Esta idea no le era, por lo demás, ajena al mismo Marx. Veía en ella uno de los posibles porvenires del Capital. En los Estudios filosóficos existe un texto poco conocido que, precisamente, la elabora. Este texto evoca un modo de producción del que, por lo que yo sé, apenas si volverá a hablar y que es difícil integrar en el clásico ensamblaje.

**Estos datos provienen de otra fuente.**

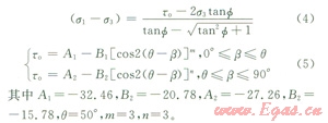 本研究簡化了JaegerMcLamore[12-13]等人建立的強(qiáng)度準(zhǔn)則,根據(jù)實驗數(shù)據(jù)采取了內(nèi)摩擦角恒定,黏聚力(τ)隨角度變化的頁巖地層強(qiáng)度公式:

De un modo de producción que él denomina «comunismo burdo y vacío de pensamiento».[12] ¿Por qué «comunismo»? Porque ha abolido la propiedad privada y porque ha abolido por ello las diferencias de clases. ¿Por qué «burdo y vacío de pensamiento»? Porque sólo ha abolido aquella generalizándola; porque sólo ha abolido estas extendiendo a todos los hombres la condición de obrero. «La comunidad», dice Marx, «sólo es la del trabajo y del salario pagado por el capital común, por la comunidad en cuanto es capitalismo general»… Existe allí una especie de socialismo ya que la lucha de clases ha desaparecido y el campo social se unifica; sigue existiendo allí, por lo tanto, una especie de capitalismo común y general, sin duda, pero que no deja de ser capitalismo, porque subsiste el Capital. Existe también allí un régimen «proletario», ya que el salario se ha vuelto el destino común; pero además, se ha convertido, no obstante, en un régimen ,burgués», ya que el capital no ha hecho más que dividirse o uniformizarse, lo que de hecho significa lo mismo —lo mismo que su permanencia. ¿Se dirá acaso que el proletario ya no existe porque el vínculo de explotación no se ve claramente en el contrato de trabajo? Existe más que nunca, ya que no necesita contrato para consagrar su vida al trabajo. ¿Se dirá acaso que ya no se trata de proletariado porque no tiene frente a él fuerzas antagónicas? Es asunto de definición, pero constituye, en todo caso, la prueba de que se encuentra en trance de convertirse en el nuevo amo de la tierra. El «comunismo burdo y vacío de pensamiento» sigue siendo el viejo economismo cruzado de humanismo socialista. Tal es la profecía marxiana de la doble hegemonía que evocaba yo al comienzo.